- TASK DETAILS:
What you should give back is every line from the one containing "암석으로 인해 좁고 위험했던" through the last line of the records below, word for word and without pictures.
AVAILABLE RECORDS section start
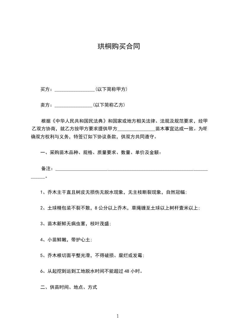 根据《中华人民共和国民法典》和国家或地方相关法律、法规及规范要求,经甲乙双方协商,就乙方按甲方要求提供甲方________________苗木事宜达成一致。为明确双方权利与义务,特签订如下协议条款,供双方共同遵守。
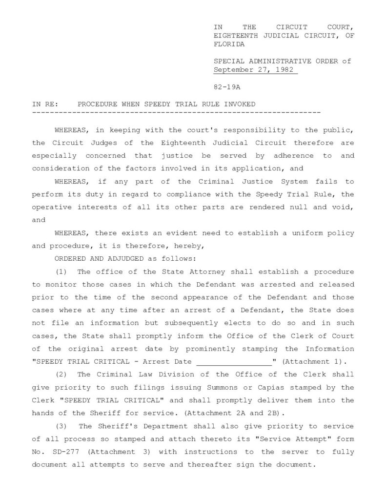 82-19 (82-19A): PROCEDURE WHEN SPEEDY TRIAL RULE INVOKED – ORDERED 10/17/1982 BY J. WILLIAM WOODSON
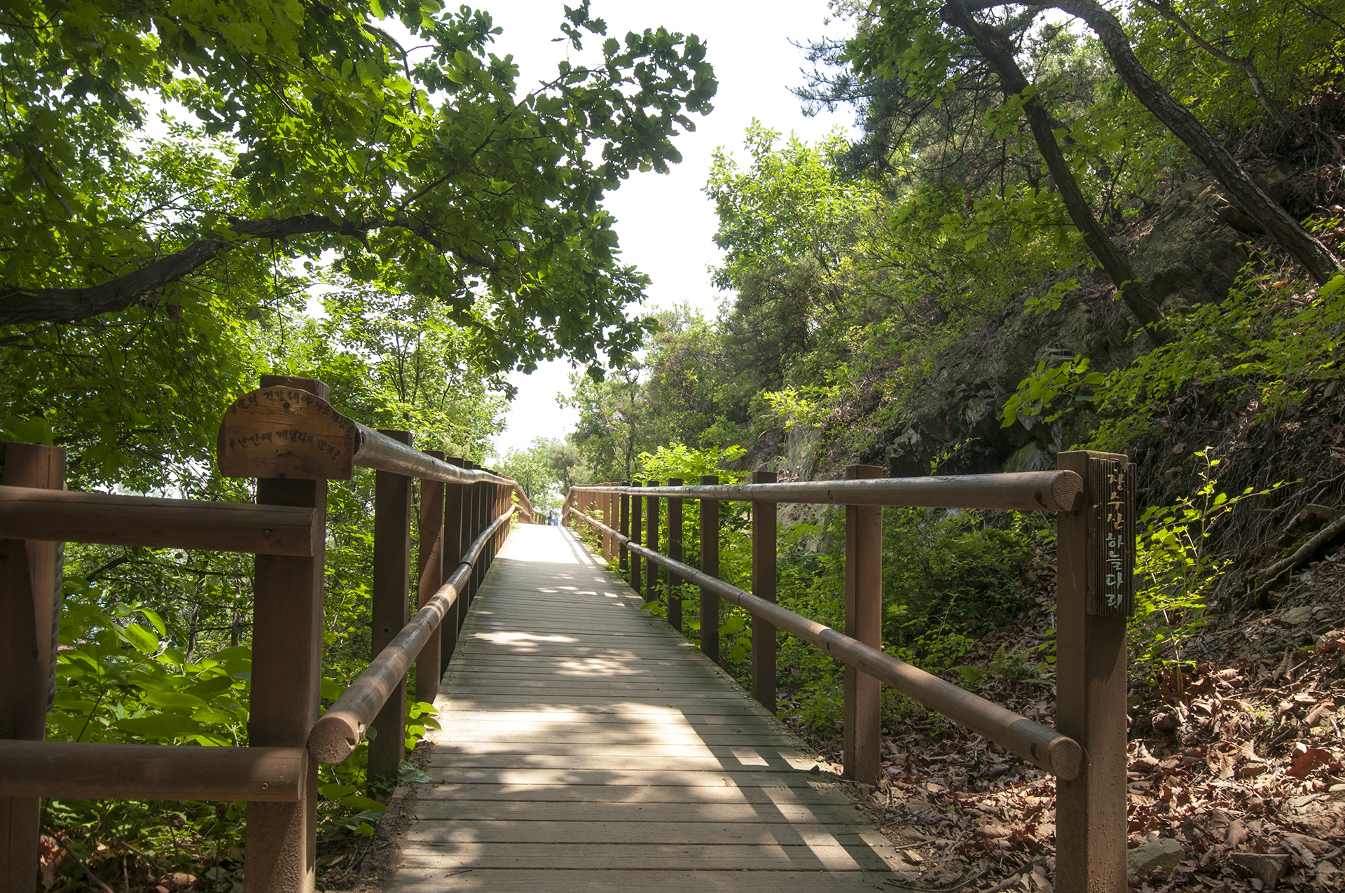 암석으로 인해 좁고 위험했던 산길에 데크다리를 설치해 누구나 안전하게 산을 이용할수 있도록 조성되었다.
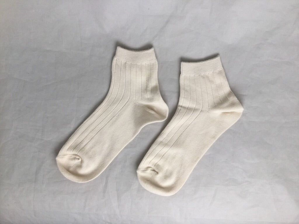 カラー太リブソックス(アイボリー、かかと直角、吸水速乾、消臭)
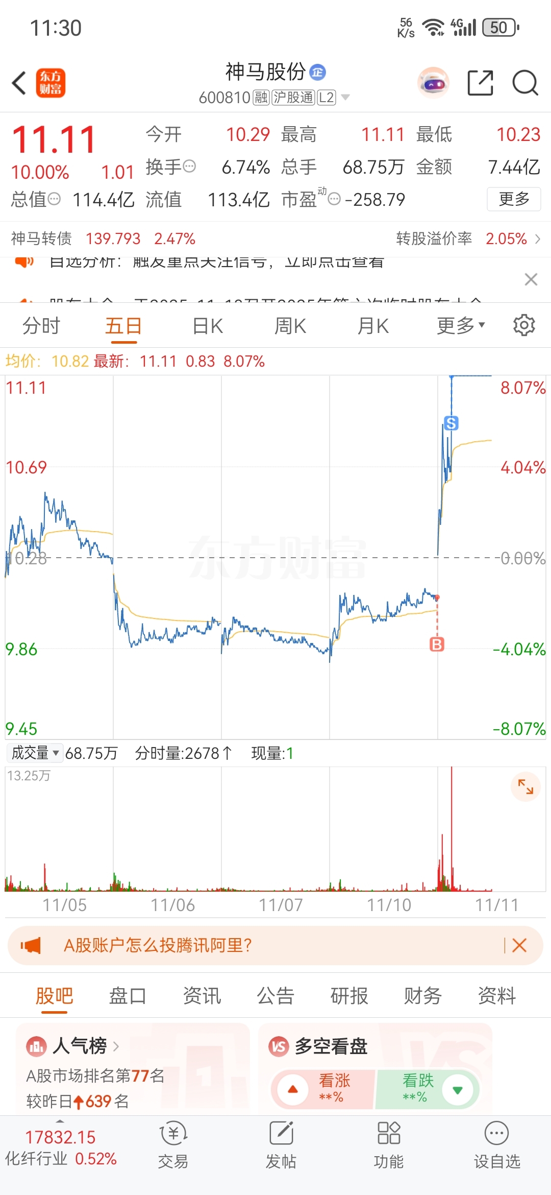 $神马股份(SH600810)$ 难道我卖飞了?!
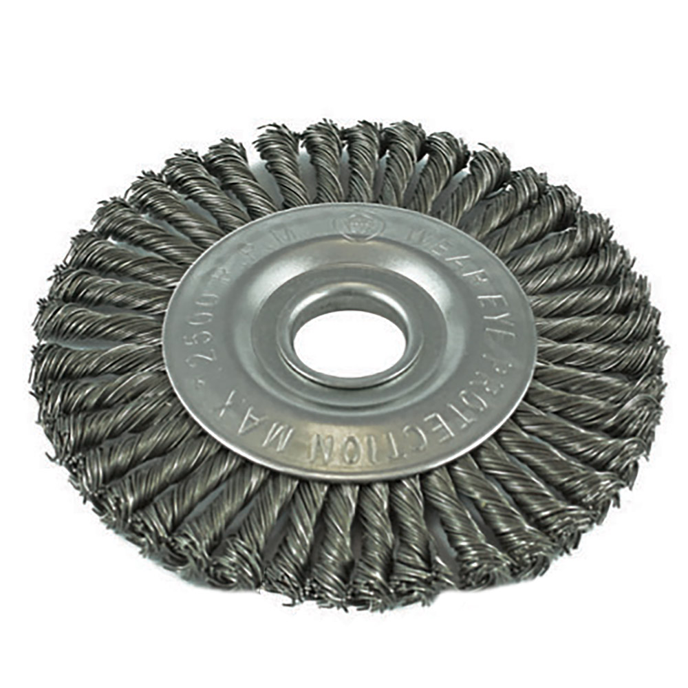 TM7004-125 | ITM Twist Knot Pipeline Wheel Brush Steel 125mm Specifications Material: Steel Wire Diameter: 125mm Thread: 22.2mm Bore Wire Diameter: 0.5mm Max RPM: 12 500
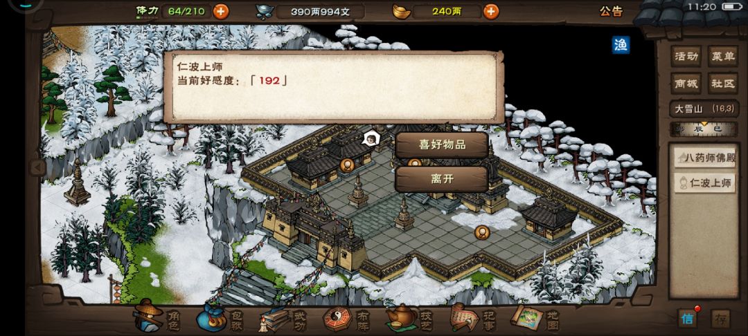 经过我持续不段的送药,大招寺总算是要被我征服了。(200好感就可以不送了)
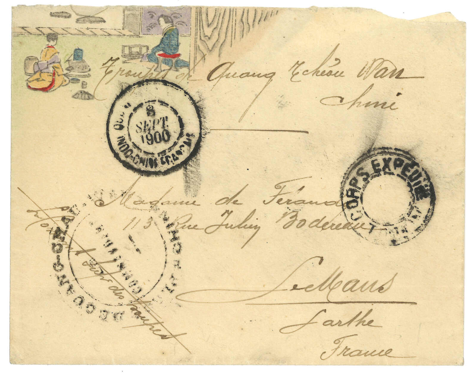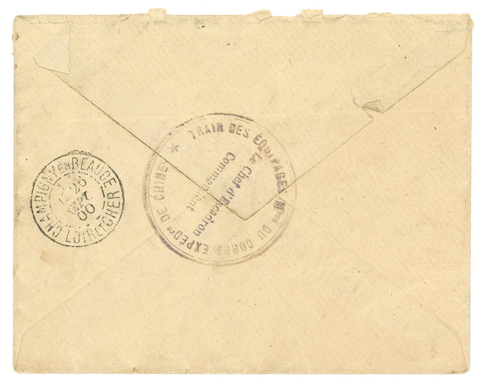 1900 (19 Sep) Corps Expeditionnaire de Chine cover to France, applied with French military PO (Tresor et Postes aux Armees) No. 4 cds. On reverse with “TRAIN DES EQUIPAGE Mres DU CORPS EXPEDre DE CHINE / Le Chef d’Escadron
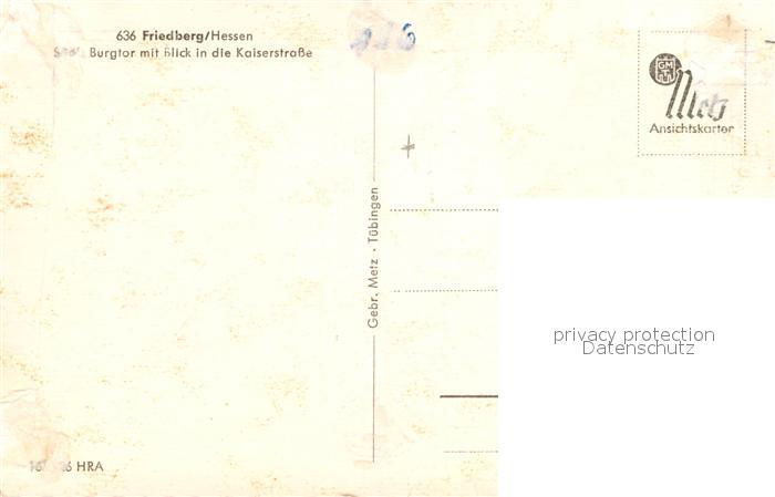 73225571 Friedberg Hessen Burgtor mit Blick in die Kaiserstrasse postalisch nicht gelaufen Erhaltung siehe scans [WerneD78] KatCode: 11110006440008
AVAILABLE RECORDS section end
- RESPONSE BOX:
 암석으로 인해 좁고 위험했던 산길에 데크다리를 설치해 누구나 안전하게 산을 이용할수 있도록 조성되었다.
 カラー太リブソックス(アイボリー、かかと直角、吸水速乾、消臭)
 $神马股份(SH600810)$ 难道我卖飞了?!
 TM7004-125 | ITM Twist Knot Pipeline Wheel Brush Steel 125mm Specifications Material: Steel Wire Diameter: 125mm Thread: 22.2mm Bore Wire Diameter: 0.5mm Max RPM: 12 500
 经过我持续不段的送药,大招寺总算是要被我征服了。(200好感就可以不送了)
 1900 (19 Sep) Corps Expeditionnaire de Chine cover to France, applied with French military PO (Tresor et Postes aux Armees) No. 4 cds. On reverse with “TRAIN DES EQUIPAGE Mres DU CORPS EXPEDre DE CHINE / Le Chef d’Escadron
 73225571 Friedberg Hessen Burgtor mit Blick in die Kaiserstrasse postalisch nicht gelaufen Erhaltung siehe scans [WerneD78] KatCode: 11110006440008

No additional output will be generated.